- Task objective: Go to the line with "frostfest Gartendeko Raumdeko" in the entries below and write out every line from there through the line with "形体演化的关键概念是通过对建", exactly and without pictures.

- Supplied information:
————
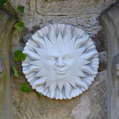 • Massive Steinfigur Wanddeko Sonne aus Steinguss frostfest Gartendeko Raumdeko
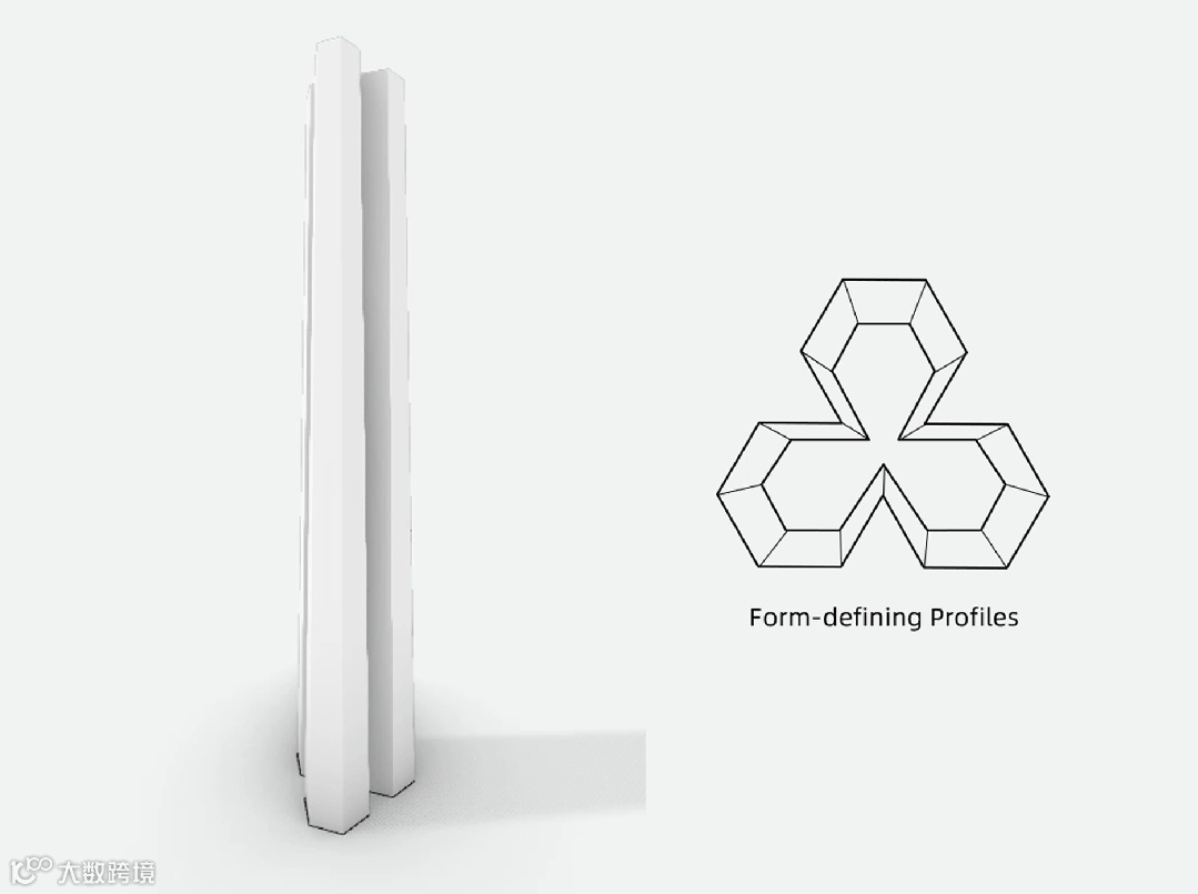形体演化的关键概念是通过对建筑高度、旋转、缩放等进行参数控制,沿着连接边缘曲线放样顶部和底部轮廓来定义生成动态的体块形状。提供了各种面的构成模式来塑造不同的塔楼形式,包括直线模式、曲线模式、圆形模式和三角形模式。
————
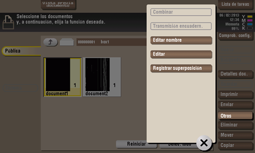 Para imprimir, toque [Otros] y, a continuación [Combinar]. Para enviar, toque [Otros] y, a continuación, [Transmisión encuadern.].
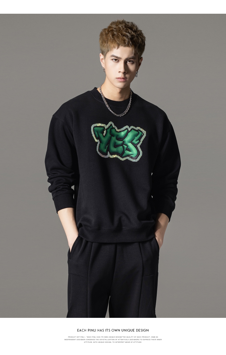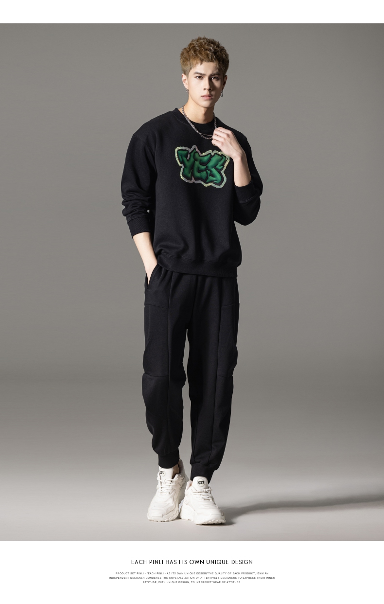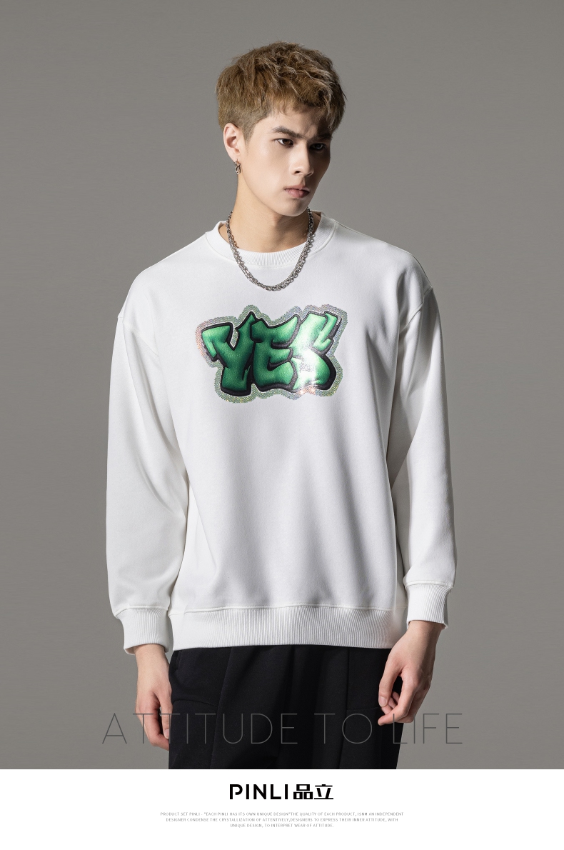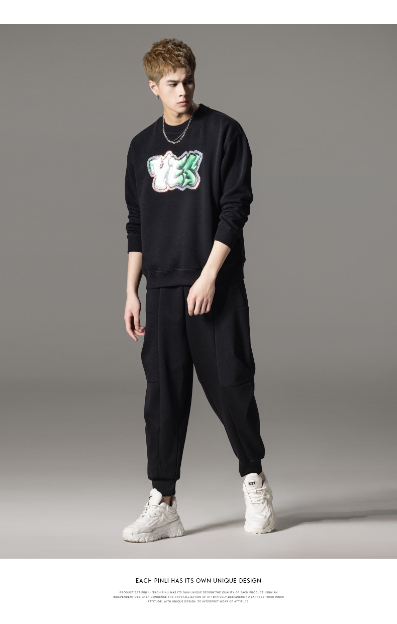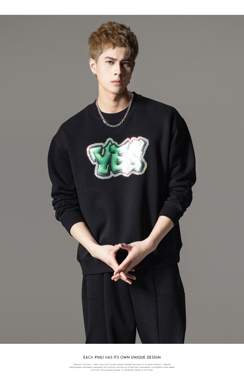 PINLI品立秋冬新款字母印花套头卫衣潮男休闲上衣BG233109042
————
- Answer for this exercise:
 • Massive Steinfigur Wanddeko Sonne aus Steinguss frostfest Gartendeko Raumdeko
形体演化的关键概念是通过对建筑高度、旋转、缩放等进行参数控制,沿着连接边缘曲线放样顶部和底部轮廓来定义生成动态的体块形状。提供了各种面的构成模式来塑造不同的塔楼形式,包括直线模式、曲线模式、圆形模式和三角形模式。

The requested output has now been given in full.